6. Even tried to install numpy with 'pip install --no-binary :all: numpy,' but the results were the same; resultant np.linalg was so slow.
7. To RasPi 4, I inserted one of the microSD cards which work properly on RasPi 3B+ and earlier boards, but the numpy remains so slow.
I'll show some codes to clarify what I have done so far:
* The Numpy on the old card works fine on RasPi 3B+
Code: Select all
(pve37) fukuda@raspi23:~/pve37% ipython
Python 3.7.3 (default, Apr 3 2019, 05:39:12)
Type 'copyright', 'credits' or 'license' for more information
IPython 7.8.0 -- An enhanced Interactive Python.
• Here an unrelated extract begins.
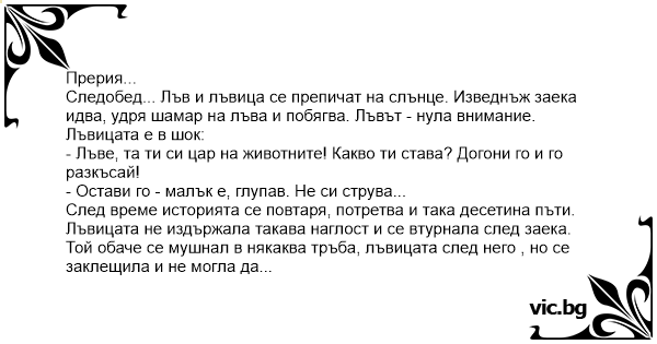 - Лъве, та ти си цар на животните! Какво ти става? Догони го и го разкъсай!

Type '?' for help.
In [1]: import numpy as np
In [2]: A = np.random.rand(256, 256)
In [3]: %timeit B = np.linalg.inv(A)
28.9 ms ± 325 µs per loop (mean ± std. dev. of 7 runs, 10 loops each)
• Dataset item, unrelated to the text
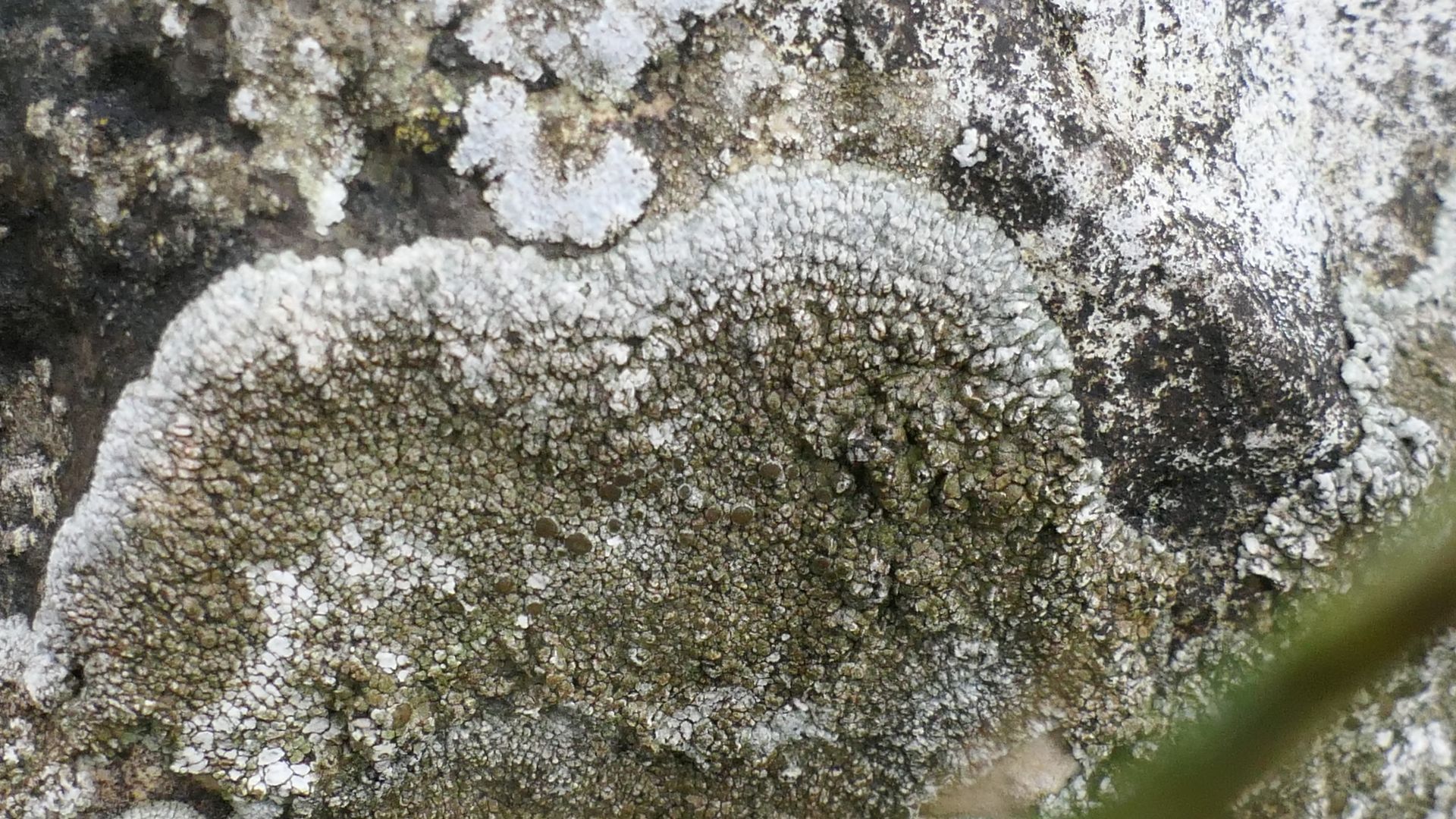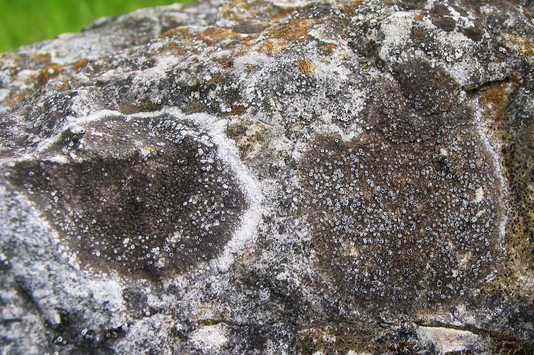 Bild 15 Ziemlich sicher Kalkstein, deshalb vielleicht etwas untypisch; vom Wuchs her, mit den konzentrisch angeordneten Apothecien, könnte dies eine Porpidia, z.B. Porpidia crustulata, sein.

In [4]: %timeit C = np.fft.fft2(A)
21.8 ms ± 705 µs per loop (mean ± std. dev. of 7 runs, 10 loops each)
In [4]: %timeit C = np.fft.fft2(A)
21.8 ms ± 705 µs per loop (mean ± std. dev. of 7 runs, 10 loops each)
In [5]: np.show_config()
blas_mkl_info:
NOT AVAILABLE
blis_info:
NOT AVAILABLE
openblas_info:
NOT AVAILABLE
atlas_3_10_blas_threads_info:
NOT AVAILABLE
atlas_3_10_blas_info:
NOT AVAILABLE
atlas_blas_threads_info:
NOT AVAILABLE
atlas_blas_info:
language = c
define_macros = [('HAVE_CBLAS', None), ('NO_ATLAS_INFO', -1)]
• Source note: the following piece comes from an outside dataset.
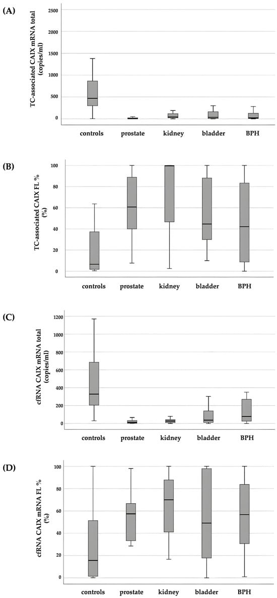 All supernatant samples in our series were positive for 18S, total and FL CAIX. Total CAIX was significantly higher in healthy subjects than in patients with urogenital cancer (p < 0.001), regardless of tumor type (prostate, kidney, bladder), or BPH (p < 0.001) (Figure 1C). Moreover, total CAIX was greater in BPH patients than in those with prostate cancer (p = 0.003), while CAIX cfRNA levels were highest in the bladder and lowest in prostate carcinoma (Table 2).

libraries = ['f77blas', 'cblas', 'atlas', 'f77blas', 'cblas']
library_dirs = ['/usr/lib/arm-linux-gnueabihf']
blas_opt_info:
language = c
define_macros = [('HAVE_CBLAS', None), ('NO_ATLAS_INFO', -1)]
libraries = ['f77blas', 'cblas', 'atlas', 'f77blas', 'cblas']
library_dirs = ['/usr/lib/arm-linux-gnueabihf']
lapack_mkl_info:
NOT AVAILABLE
openblas_lapack_info:
NOT AVAILABLE
openblas_clapack_info:
NOT AVAILABLE
flame_info:
NOT AVAILABLE
atlas_3_10_threads_info:
NOT AVAILABLE
atlas_3_10_info:
NOT AVAILABLE
atlas_threads_info:
NOT AVAILABLE
atlas_info:
language = f77
libraries = ['lapack', 'f77blas', 'cblas', 'atlas', 'f77blas', 'cblas']
library_dirs = ['/usr/lib/arm-linux-gnueabihf']
define_macros = [('NO_ATLAS_INFO', -1)]
lapack_opt_info:
language = f77
libraries = ['lapack', 'f77blas', 'cblas', 'atlas', 'f77blas', 'cblas']
library_dirs = ['/usr/lib/arm-linux-gnueabihf']
define_macros = [('NO_ATLAS_INFO', -1)]
Code: Select all
In [4]: A = np.random.rand(256, 256)
In [5]: %timeit B = np.linalg.inv(A)
1.3 s ± 225 ms per loop (mean ± std. dev. of 7 runs, 1 loop each)
In [6]: %timeit C = np.fft.fft2(A)
13 ms ± 11.9 µs per loop (mean ± std. dev. of 7 runs, 100 loops each)
It looks like that the RasPi3 and RasPi4 react to the same binary in a significantly different way, and I have now no idea which way to look. Any advises or suggestions would be appreciated.